DeSantis has executive privilege, a judge ruled, setting up legal battle over secrecy
Published in News & Features
TAMPA, Fla. — Gov. Ron DeSantis has been eyeing a run for president, but he’s not waiting until 2024 to assert one of the most contested legal rights associated with that office.
In multiple lawsuits, DeSantis’ lawyers have claimed that the governor wields executive privilege, a special right invoked by U.S. presidents that shields them from disclosing information of their choosing.
Yet in a bombshell decision last month in an otherwise little-noticed lawsuit, a Tallahassee judge agreed with DeSantis’ attorneys that he, too, possesses executive privilege.
The case, which is being appealed, sets up a high-stakes test of Florida’s government transparency laws — widely considered among the most open in the country. If higher courts uphold that DeSantis has the right to shield certain records, it could dramatically hinder the public’s ability to pry information out of the state, open government advocates warn.
The Tampa Bay Times is joining other media outlets in preparing a friend of the court brief in the appeal, advocating against the withholding of records.

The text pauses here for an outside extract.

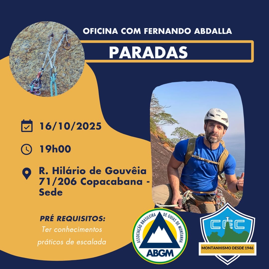 A oficina de Paradas vai abordar e discutir aspectos técnicos sobre os diversos tipos de paradas utilizados na escalada esportiva e tradicional.
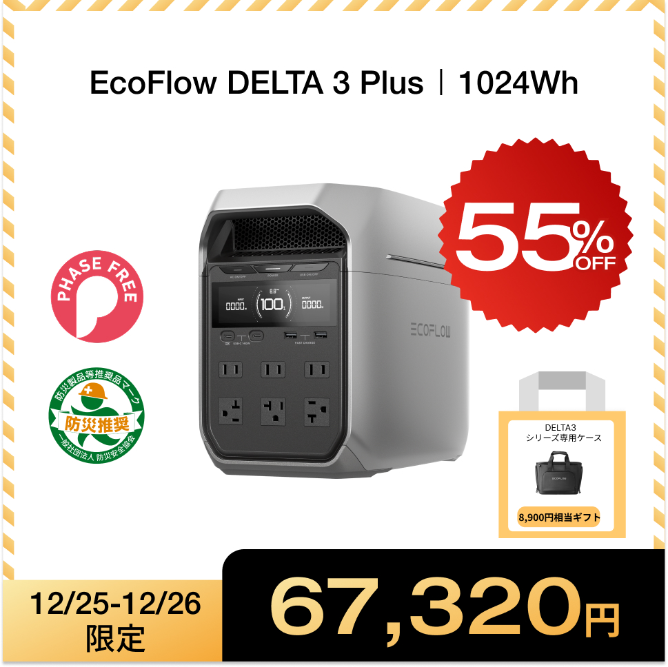 【タイムセール】ポータブル電源 大容量 EcoFlow DELTA 3 Plus 1024Wh 防災 蓄電池 リン酸鉄 家庭用 バッテリー 急速充電 キャンプ 車中泊 停電 エコフロー

“We consent to be governed and don’t elect public officials to act without accountability,” said Michael Barfield, director of public access with the Florida Center for Government Accountability in Tallahassee. The group has sued the DeSantis administration in separate cases over records related to Florida’s flights transporting migrants from Texas to Martha’s Vineyard.
Barfield said that the DeSantis administration had likely been asserting executive privilege in multiple cases in hopes of having a higher court set a precedent that could be applied in other lawsuits.
“This has been a calculated effort to establish executive privilege so the governor has no accountability to the public,” Barfield said.
Catherine Cameron, a Stetson University professor specializing in media law, said she searched through previous cases and could find no instance of a Florida governor asserting executive privilege before DeSantis. Executive privilege is not mentioned in the state Constitution nor state law, unlike the public’s right to records, which is enshrined in both.
The governor’s office declined to answer emailed questions about its claim of executive privilege, directing a reporter to its legal filings.